• EXERCISE: Could you retype the lines below, starting at the line holding "Набор 2Х Ренни" and stopping at the line holding "Looking north up", inclusive? Copy them exactly and drop the images.

((

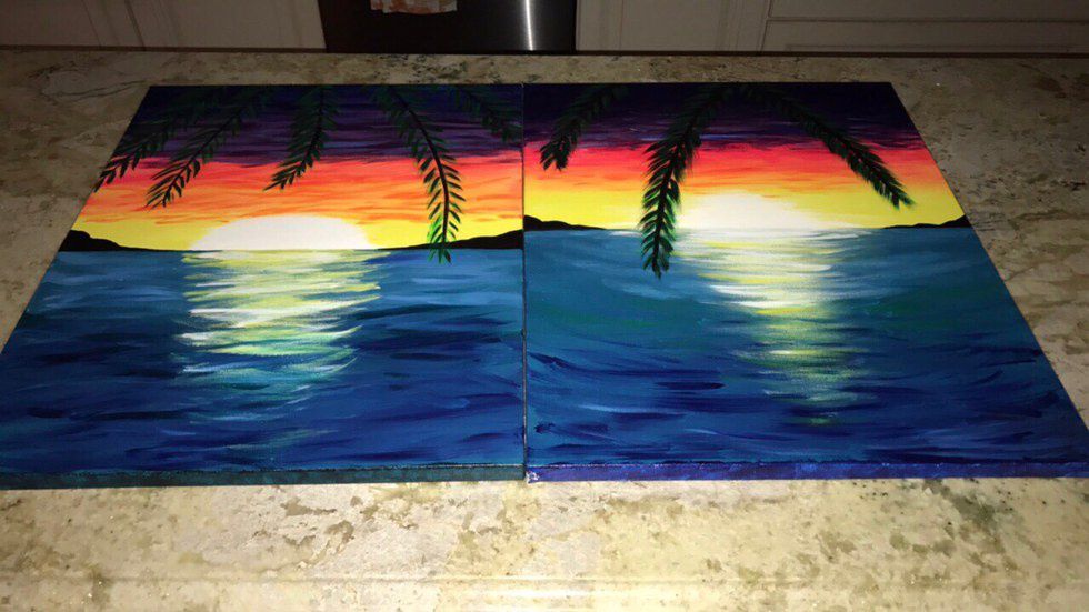 Everyone has that one hobby that they are passionate about, that can lift them from any bad mood and set a fire in their heart. To me, that's painting canvases. I love the opportunity and creativity that a blank canvas can possess. And so when I got the chance to attend one of the painting with wine classes, I was overjoyed with excitement. I was going to paint what it seemed like a simple sunset with a crowd of 50+ but it was so much more than that...
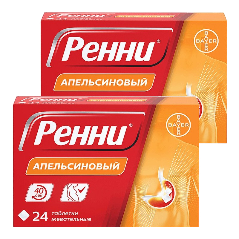 Набор 2Х Ренни 680 мг+80 мг таблетки жевательные Апельсин 24 шт в Вологде
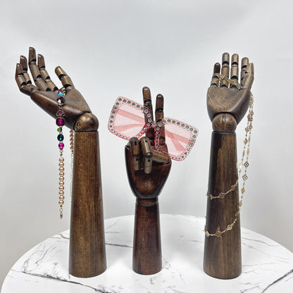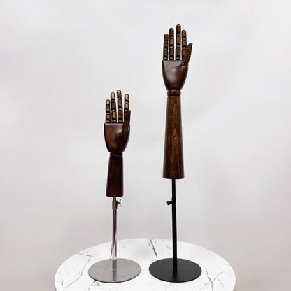 Elevate your boutique store’s accessory display with these exquisite Brown Wooden Mannequin Hands. Offered in three different styles, each hand is crafted from quality wood and finished in a deep brown tone that complements a variety of decor styles. Perfect for displaying sunglasses, rings, and other small accessories, the sturdy metal round base keeps each piece securely positioned. Ideal for both in-store and window displays, these mannequin hands add a luxurious touch that draws customers’ attention and showcases products beautifully. With their versatile, timeless design, they’re a must-have for creating eye-catching boutique displays.This item is great for holding or displaying rings, necklace,sunglasses,shoes,bags,hats,cosmetic ,makeups,chains, watches and scarves, along with other jewelry and fashion accessories. Wonderful accent piece for any home decor or retail display or store display!
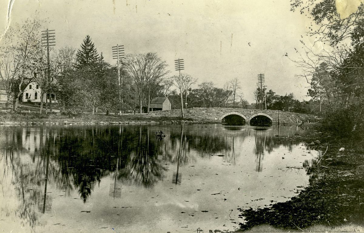 Looking north up the Byram River towards the Post Road bridge; Port Chester is on the left of the image.Collection
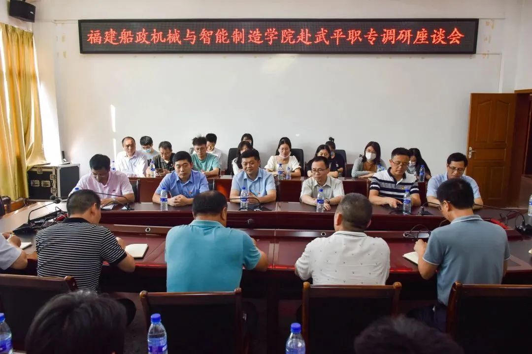 調(diào)研會上,劉明遠(yuǎn)校長對我院一行人的到來表示熱烈歡迎,并簡要介紹了學(xué)校的基本情況,概述了在與福建船政交通職業(yè)學(xué)院合作后,學(xué)校提質(zhì)發(fā)展的腳步,學(xué)校結(jié)合工作實際,致力于將專業(yè)建設(shè)、教育科研與當(dāng)?shù)禺a(chǎn)業(yè)融合發(fā)展,在人才培養(yǎng)、應(yīng)用研究、社會服務(wù)和文化建設(shè)等方面發(fā)揮優(yōu)勢與特色。我院黨總支書記林少丹及學(xué)院院長楊開懷也對武平中專職業(yè)學(xué)校的熱情歡迎表示了感謝,同時希望在后續(xù)的校校合作中,取得更進(jìn)一步的成效。

))

• ANSWER FOR THE TASK:
 Набор 2Х Ренни 680 мг+80 мг таблетки жевательные Апельсин 24 шт в Вологде
 Elevate your boutique store’s accessory display with these exquisite Brown Wooden Mannequin Hands. Offered in three different styles, each hand is crafted from quality wood and finished in a deep brown tone that complements a variety of decor styles. Perfect for displaying sunglasses, rings, and other small accessories, the sturdy metal round base keeps each piece securely positioned. Ideal for both in-store and window displays, these mannequin hands add a luxurious touch that draws customers’ attention and showcases products beautifully. With their versatile, timeless design, they’re a must-have for creating eye-catching boutique displays.This item is great for holding or displaying rings, necklace,sunglasses,shoes,bags,hats,cosmetic ,makeups,chains, watches and scarves, along with other jewelry and fashion accessories. Wonderful accent piece for any home decor or retail display or store display!
 Looking north up the Byram River towards the Post Road bridge; Port Chester is on the left of the image.Collection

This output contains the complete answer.